__Exercise objective__
Once the pictures are removed, return each record below exactly as written.

[Items listed in a dataset]
★ ★ ★

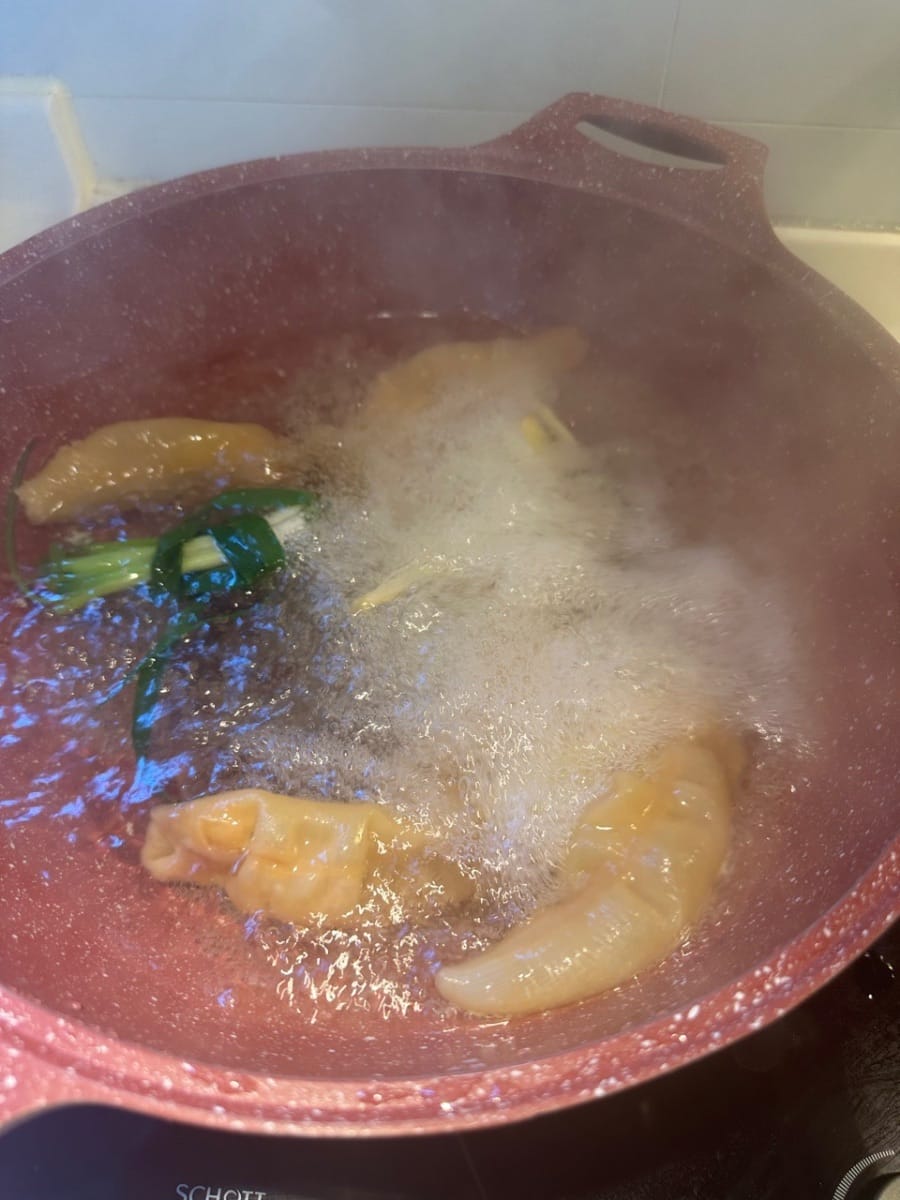 - Die Fischblase mit Ingwer, Frühlingszwiebeln und Kochwein 10 Minuten blanchieren. Anschließend sofort mit kaltem Wasser abspülen.
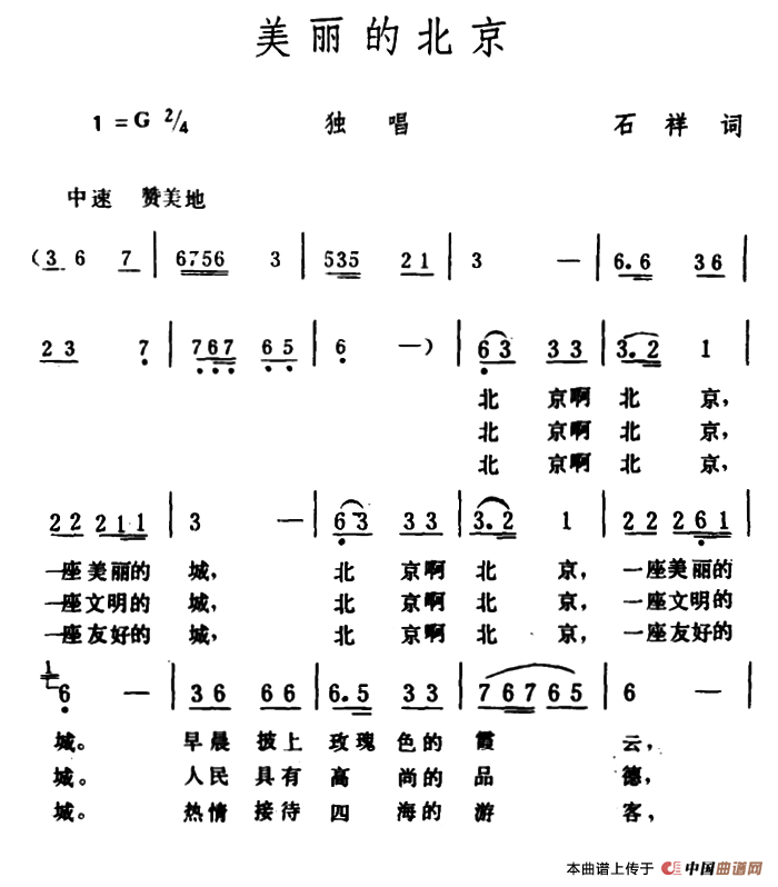 关于《美丽的北京》曲谱的评论
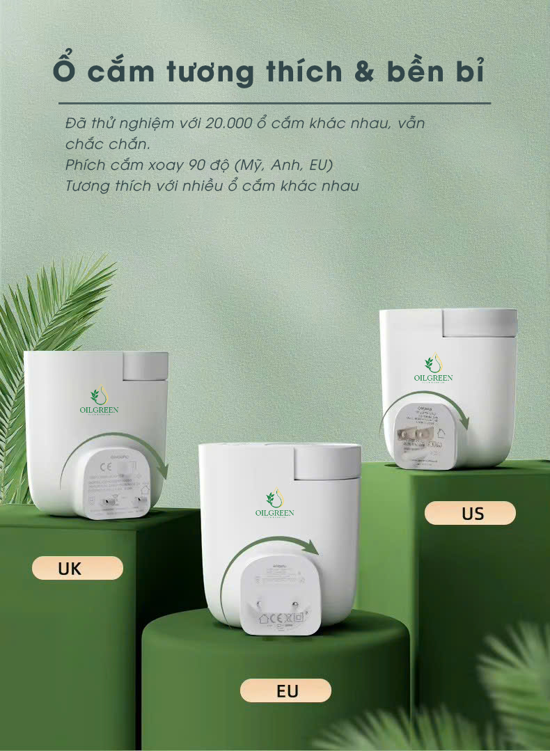 Máy khuếch tán được thiết kế thông minh, dễ dàng sử dụng với nhiều loại ổ cắm thông dụng. Chỉ cần cắm điện là hoạt động ngay, tiện lợi cho cả gia đình, văn phòng hay cửa hàng mà không lo kén ổ cắm.
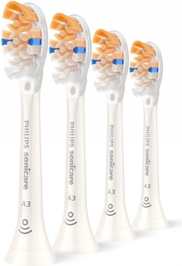 Les têtes de rechange PHILIPS Sonicare A3 All‑in‑One sont conçues pour une efficacité et un confort maximum. Les touffes de brins spécialement profilées, à section triangulaire, augmentent le contact avec la surface de la dent pour éliminer rapidement les taches, tandis que les brins latéraux plus longs prennent soin de la ligne gingivale. La technologie sonique transmet l’action nettoyante jusque dans les espaces interdentaires et le long du bord des gencives.
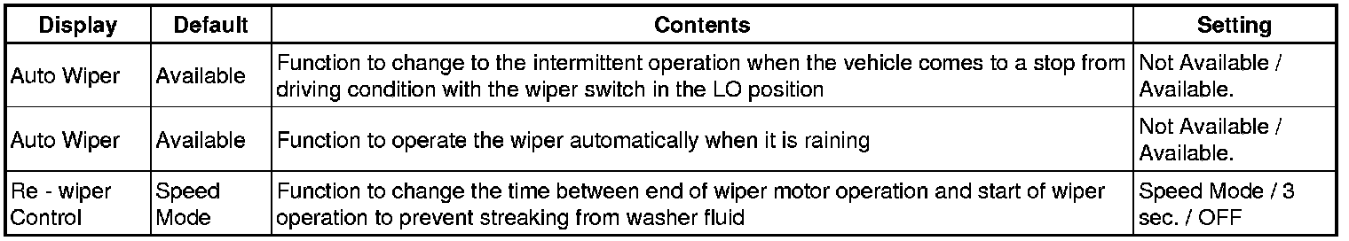 WIPER AND WASHER: WIPER AND WASHER SYSTEM: CUSTOMIZE PARAMETERS
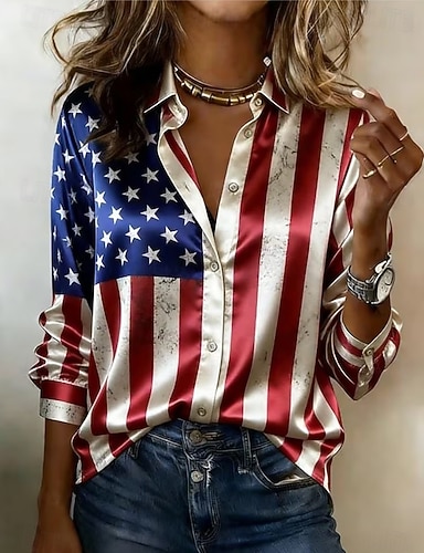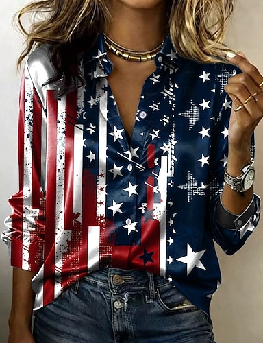 itsenäisyyspäivä Amerikan vuosipäivä patriotinen naisten pullover-huppari graafinen kirjain rento printti pitkähihaiset puolipainike rento päivittäinen vaatetus urheilu sininen musta valkoinen
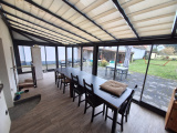 Elle se compose, au rez-de-chaussée, d’une entrée, d’un salon/séjour de 22m2 , une cuisine/ salle à manger qui donne sur une agréable véranda de 20 m2 équipée d’un poêle à pellets pour le chauffage, une buanderie et une salle d’eau avec WC.
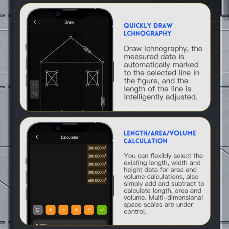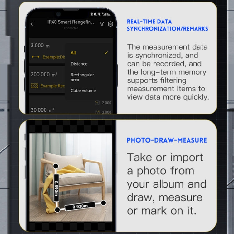 11. Linked with Mijia APP to realize data synchronization/notes, length/area/volume calculation, floor plan drawing, real-shot recording and other functions
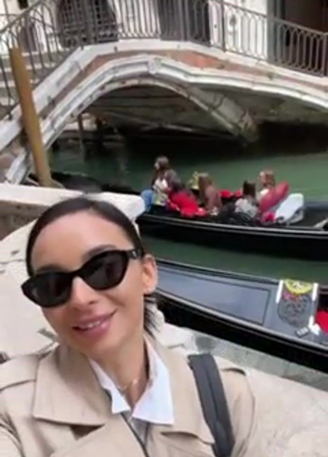 A woman in a tan trench coat and sunglasses is recording a selfie video in Venice, Italy
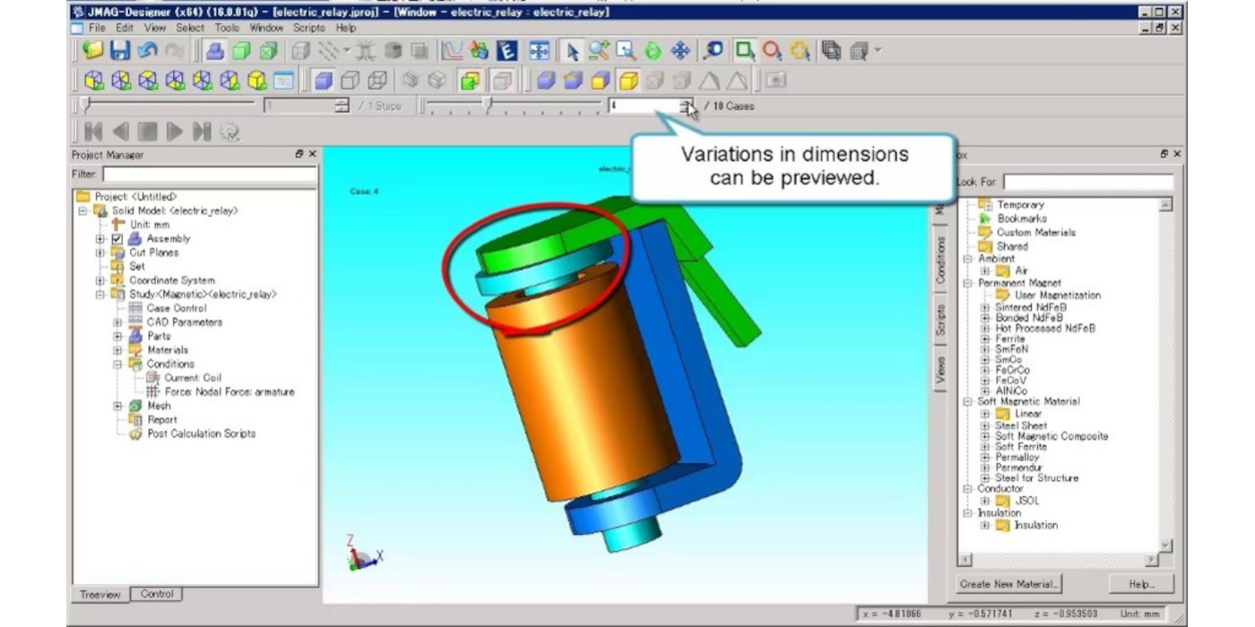 - JMAG có thể tối ưu hóa thiết kế của một điện từ để tối đa hóa lực trong khi giảm thiểu âm lượng.

★ ★ ★

__Worked solution__
 - Die Fischblase mit Ingwer, Frühlingszwiebeln und Kochwein 10 Minuten blanchieren. Anschließend sofort mit kaltem Wasser abspülen.
 关于《美丽的北京》曲谱的评论
 Máy khuếch tán được thiết kế thông minh, dễ dàng sử dụng với nhiều loại ổ cắm thông dụng. Chỉ cần cắm điện là hoạt động ngay, tiện lợi cho cả gia đình, văn phòng hay cửa hàng mà không lo kén ổ cắm.
 Les têtes de rechange PHILIPS Sonicare A3 All‑in‑One sont conçues pour une efficacité et un confort maximum. Les touffes de brins spécialement profilées, à section triangulaire, augmentent le contact avec la surface de la dent pour éliminer rapidement les taches, tandis que les brins latéraux plus longs prennent soin de la ligne gingivale. La technologie sonique transmet l’action nettoyante jusque dans les espaces interdentaires et le long du bord des gencives.
 WIPER AND WASHER: WIPER AND WASHER SYSTEM: CUSTOMIZE PARAMETERS
 itsenäisyyspäivä Amerikan vuosipäivä patriotinen naisten pullover-huppari graafinen kirjain rento printti pitkähihaiset puolipainike rento päivittäinen vaatetus urheilu sininen musta valkoinen
 Elle se compose, au rez-de-chaussée, d’une entrée, d’un salon/séjour de 22m2 , une cuisine/ salle à manger qui donne sur une agréable véranda de 20 m2 équipée d’un poêle à pellets pour le chauffage, une buanderie et une salle d’eau avec WC.
 11. Linked with Mijia APP to realize data synchronization/notes, length/area/volume calculation, floor plan drawing, real-shot recording and other functions
 A woman in a tan trench coat and sunglasses is recording a selfie video in Venice, Italy
 - JMAG có thể tối ưu hóa thiết kế của một điện từ để tối đa hóa lực trong khi giảm thiểu âm lượng.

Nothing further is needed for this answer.